Current expenditure on education, excluding school meals and milk, was 13.6 per cent. more in real terms in 1987–88 than in 1979–80. In the same period pupil numbers fell by 14.6 per cent. and the pupil: teacher ratio improved by 5.7 per cent.

Expenditure per pupil thus rose overall from £910 to £1,216.34 per cent. Local authority capital expenditure on education has increased in real terms by 18.9 per cent. This is a significant increase at a time when pupil numbers have been falling and thus the basic need for new schools has been at a very low level.

I have strengthened financial support for the Welsh language. Direct Government financial support has increased by 75 per cent. since 1987 to £5.9 million. In 1988 I established the Welsh Language Board to find practical solutions to the everyday problems facing Welsh speakers.

The Welsh language now has, for the first time, a firm statutory place in the school curriculum for pupils from five to 16 in Wales within the national curriculum. I believe that the decision to include Welsh as part of the national curriculum will have a significant impact on the language for many years to come.

The national curriculum is being introduced progressively into the schools of Wales. Mathematics, science and English have already begun. Welsh and technology will be introduced from September 1990; other subjects in 1991 and 1992.

I have undertaken that the national curriculum should be responsive to the distinctive history and culture of Wales. All national curriculum documentation is being provided in Welsh and English. Separate orders will be made to ensure that children in Wales study Welsh as well as British history.

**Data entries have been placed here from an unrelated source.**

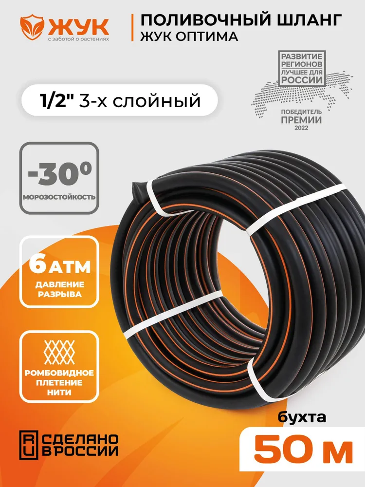 Шланг поливочный 1/2 Жук Оптима 3-х слойный (бухта 50 метров)
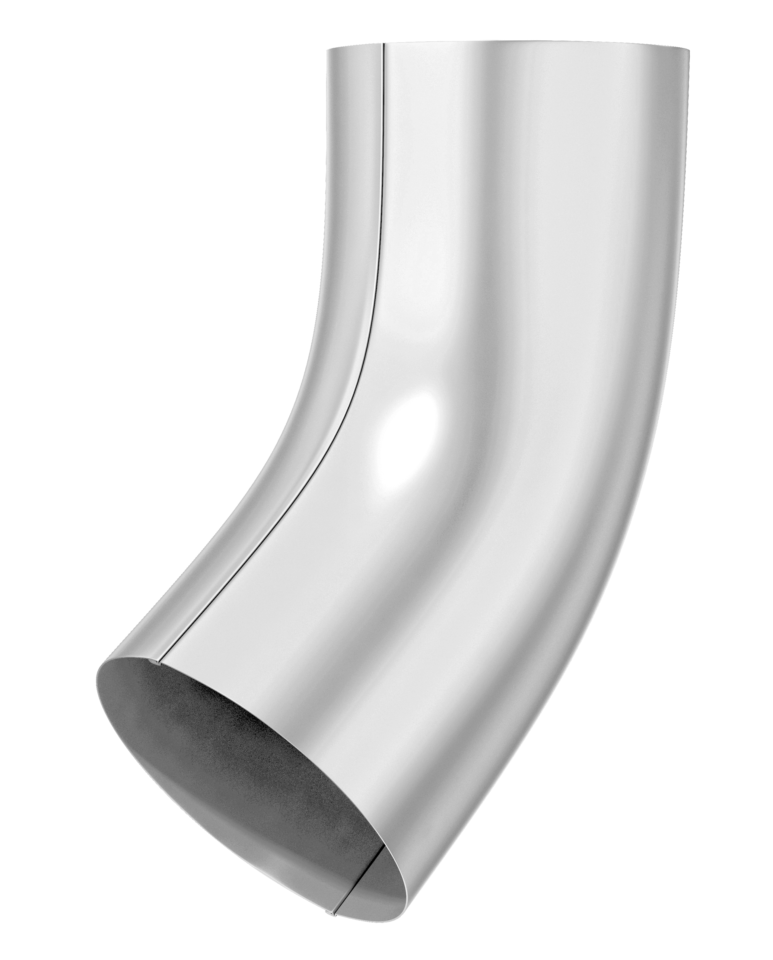 Колено трубы 55" ф90мм. В зависимости от вылета карнизного свеса обеспечивает герметичный переход от воронки к трубе. Позволяет обойти выступающие врагменты фасада здания. Изготовлено из оцинкованной стали (Zn I класс).
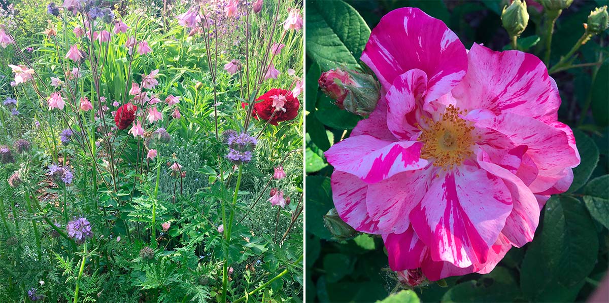 Akeleien, Phacelia (Büschelschön) und Wildrose Gallica Versicolor als sorgsame Bienenweide.
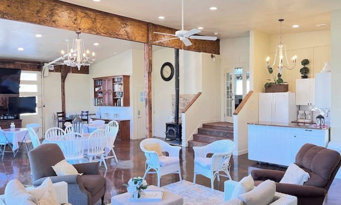 Outdoor lighting and country setting makes the farmhouse rather magical. Lovely outdoor areas as well as the large indoor space with 2 walls that completely open up making it an opulent indoor / outdoor experience.

I have developed an initiative to introduce the teaching of the Japanese language into secondary schools in Wales.

I have had meetings with local education authorities in the valleys programme area to discuss ways of improving links between schools and industry, to ensure that pupils learn about the wide range of employment opportunities available to them.

Schemes for the local management of schools have been formally approved for each of the LEAs in Wales.

The number of students on courses of higher education in the Welsh public sector institutions has risen by 5 per cent. from 14,700 in 1987 to 15,500 today. During the same period the number of students on courses of initial teacher training in Wales rose by 20 per cent. from 2,621 in 1987 to 3,140 today.

I have initiated measures to simplify and improve the planning system and to speed up its operation. while ensuring that it continues to protect and enhance the environment. These have brought about reductions in the time taken for handling inspectors' appeals of nine weeks (inquiries) and five weeks (written representations).

Cadw: Welsh Historic Monuments has increased revenue by 41 per cent. and attendance by 8.5 per cent. at ancient monuments in my care during the three-year period ending March 1990.

"Roads in Wales 1989—Progress and Plans for the 1990s", which I published in April, demonstrates that a high level of investment is continuing in roads in Wales. Thirteen trunk road schemes have been completed since June 1987, totalling over 28 miles. Work is in progress on a further 11 schemes comprising about 25 miles. Work has started on four new schemes under transport grant arrangements; three new schemes, all in west Glamorgan, were accepted for start in 1989–90 and the Newbridge/ Maesycymmer improvement in Gwent has been approved for start in 1990–91.